I must admit, I gave in to my shy tendencies, and let myself be overwhelmed with feelings of awkwardness.  For months I came to work and watched others partake in team outings that I was not invited on, and i laughed at inside jokes that I was clueless about.  I tried being the nicest, most fun version of myself, but everyone can recognize someone who is "trying to hard," and not being authentic to themselves.

However, I also pushed through feeling uncomfortable and forced myself to ask coworkers to lunch.   It was a small step, but felt like a major victory to me.  Over time, I was able to build relationships with the coworkers I was compatible with, and before I knew it, the lunch invitations were reciprocated.  I slowly built up a new "work family" that I am happy to call both my coworkers and friends.

Now, over a year after I started my job, I am finishing this blog post that I started back when I was not exactly sure where I fit.  Although the process of fitting in was wildy uncomfortable at times, I am so grateful for the people I have gotten to know thus far.

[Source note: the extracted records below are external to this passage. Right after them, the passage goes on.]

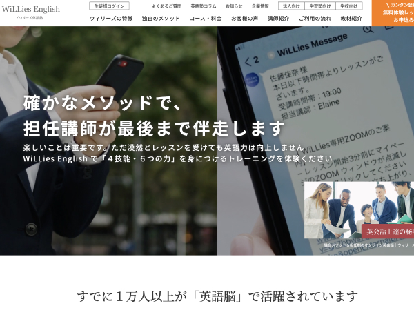 ウィリーズ英語塾は担任講師制でレッスン完了まで一緒にサポートしてくれるオンライン英会話サービスです。独自のメソッドを持った担任講師が学習指導から相談まで乗ってくれるため、初めて英語学習を始める人でも安心です。
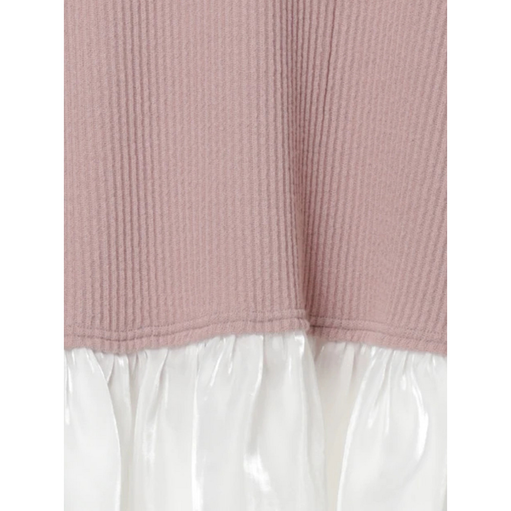 伸縮性があるリブカットソー素材×光沢感のあるサテン素材
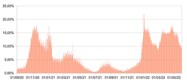 Il grafico mostra la percentuale di tamponi positivi giornalieri su tamponi giornalieri testati ( diagnostici+quelli di controllo) nel periodo 1 settembre 2020 –30 maggio 2022 in Italia.
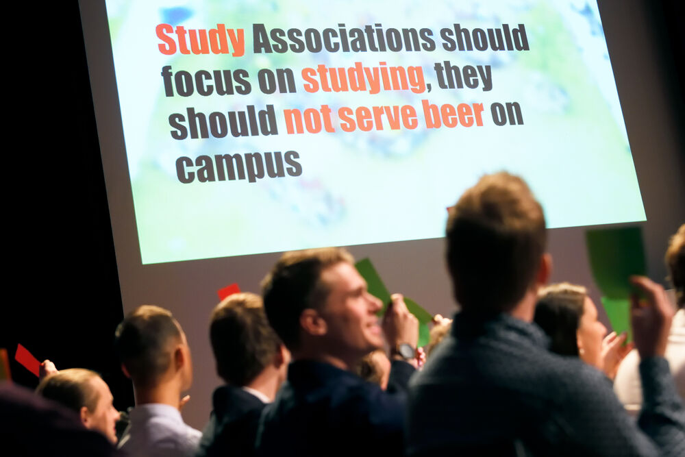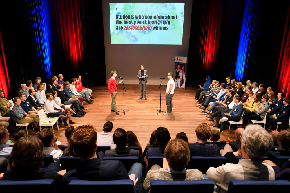 Al bij de eerste van de 29 te bespreken stellingen, grapt debatleider Carlo van de Weijer (directeur van TU/e’s strategic area Smart Mobility) dat de Engelstaligheid nog in transition is. Er staat: ‘Students who complain about the heavy work load @TU/e are zesjescultuur whimps.’ De stellingen zijn in vier categorieën verdeeld: work load, diversity and inclusiveness, internationalization and language en alcohol united. Wanneer de overgrote meerderheid het eens is, bijvoorbeeld bij de vraag of het CvB regels moet opstellen om spreekkoren te verbieden (“nee!”) of de studieverenigingen moet verplichten om dertig procent internationals op te nemen (“nee!”) vraagt Van de Weijer of mensen omwille van het debat, toch een tegenovergestelde mening willen verdedigen. Dat gebeurt maar mondjesmaat.
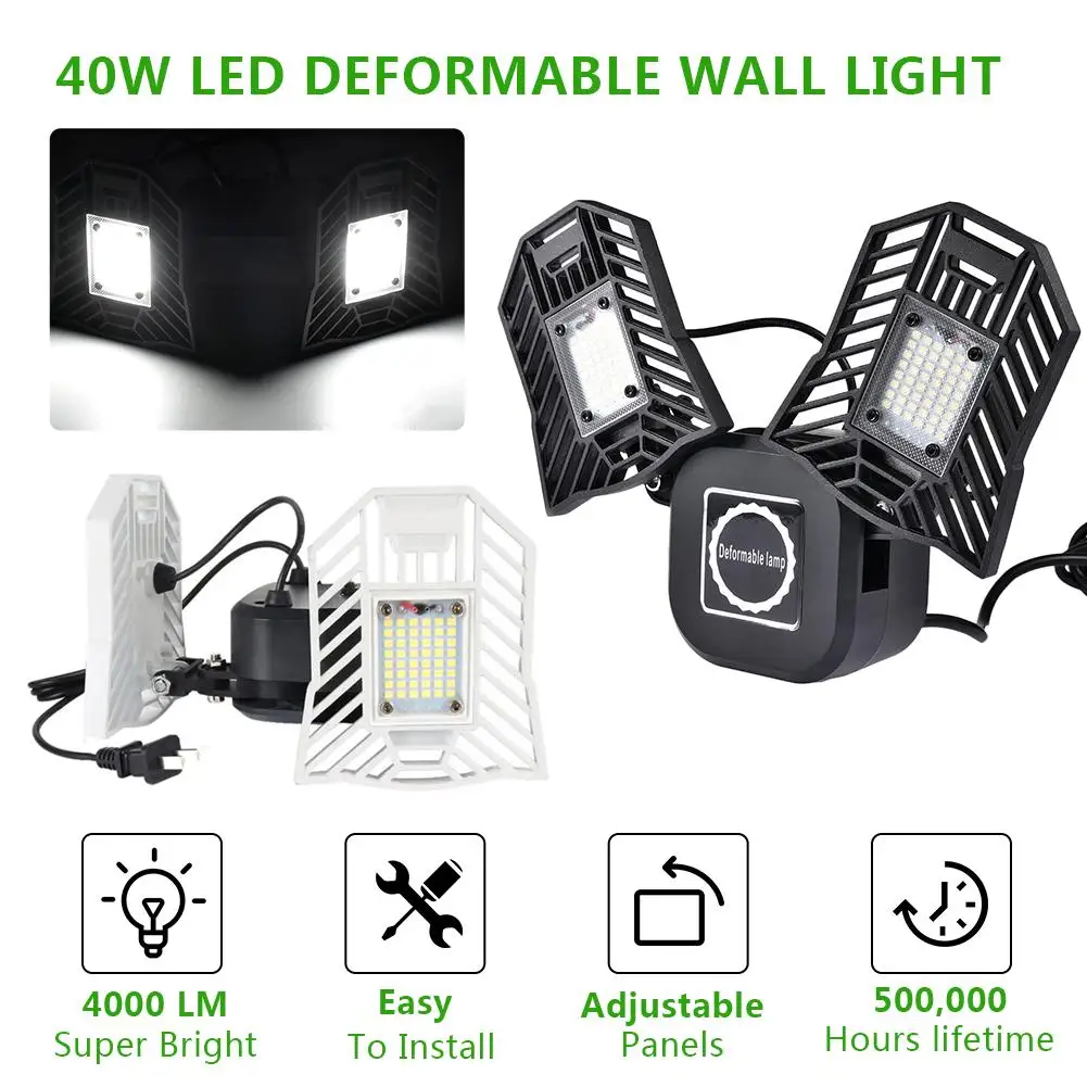 1. 【Превосходный деформируемый светодиодный настенный светильник 】 светодиодный настенный светильник с 2 регулируемыми крыльями и ослепляющим 4000 люменов, обновленный 40 Вт супер яркий светильник гаража будет вашим новым любимым светильник! Используйте Настенный светильник, чтобы направить этот мощный светильник точно там, где он вам нужен, что делает его отличным hands-free светильник. Попрощайтесь с dim!1x светодиодный светильник лампочка
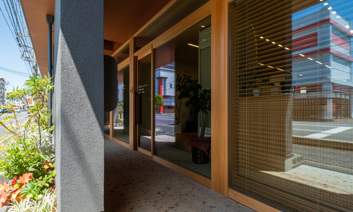 外観は1階テナント部分と2・3階の住戸部分で表情を切り替え、庇を挟んで水平ラインを強調。1階は左官壁や板貼りで落ち着いた素材感を、上階はシンプルで整ったファサードとし、周囲の街並みに調和するデザインとしています。また、敷地の特徴を活かした計画として、バス停前は建物をセットバックさせてポケットパークのような広場を設えています。30種類以上の植栽を配し、四季の変化を楽しめる外構としました。住まう方はもちろん、バス利用者や道行く人にも開かれた場となり、地域にやさしく寄り添う賃貸住宅を目指しています。
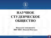 НАУЧНОЕ СТУДЕНЧЕСКОЕ ОБЩЕСТВО Факультет менеджмента НИУ ВШЭ- Нижний
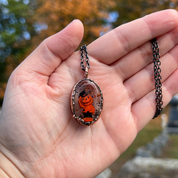 A cabochon with a hand painted mini Vintage Halloween blow mold and glitter were encased in resin to create a pendant using a process called electroform; depositing pure copper plating onto items using chemicals and electricity.
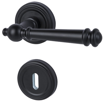 Dzięki czarnemu satynowanemu okułkowi nadajesz swojej drzwi rustykalny akcent. Zestaw ozdobiony jest finezyjnymi detalami na gałce, klamce i rozetach. W klamce znajduje się również sprężyna podtrzymująca, która zapewnia jej optymalne osadzenie.
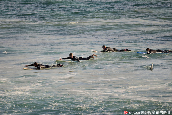 ▲遇到鯊魚「伴游」,衝浪手嚇得逃離現場。(圖/東方IC)
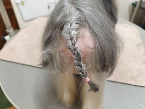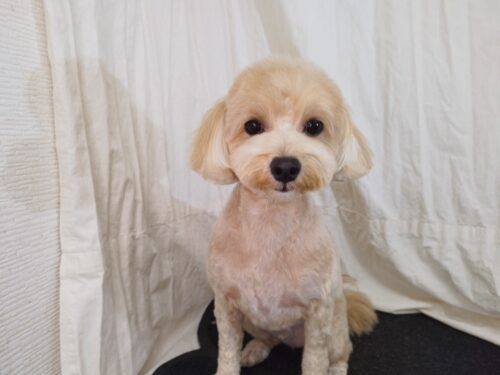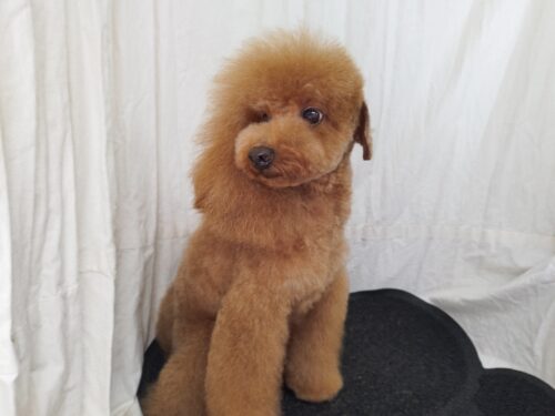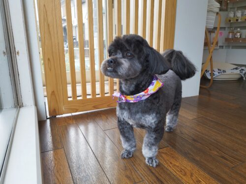 プードルのミエルちゃん お手入れが終わると 初めは外を見ながらお迎えを待っていたのですが 次の子のお手入れを始…
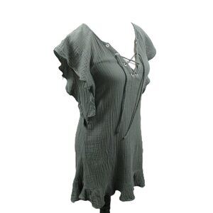 Tavik Army Green Tie Front Butterfly Sleeve Tunic Size Small

The only regrets I have throughout this experience are related to not being strong enough to carry myself with confidence  while I was navigating the waters of a new work environment.  Even though I don't have a career move on the horizon right now, whenever it does happen I want to reread this blog post and remind myself to stay true to myself, and stay confident in who I am even if that means I won't make it into the "cool crowd" for a while.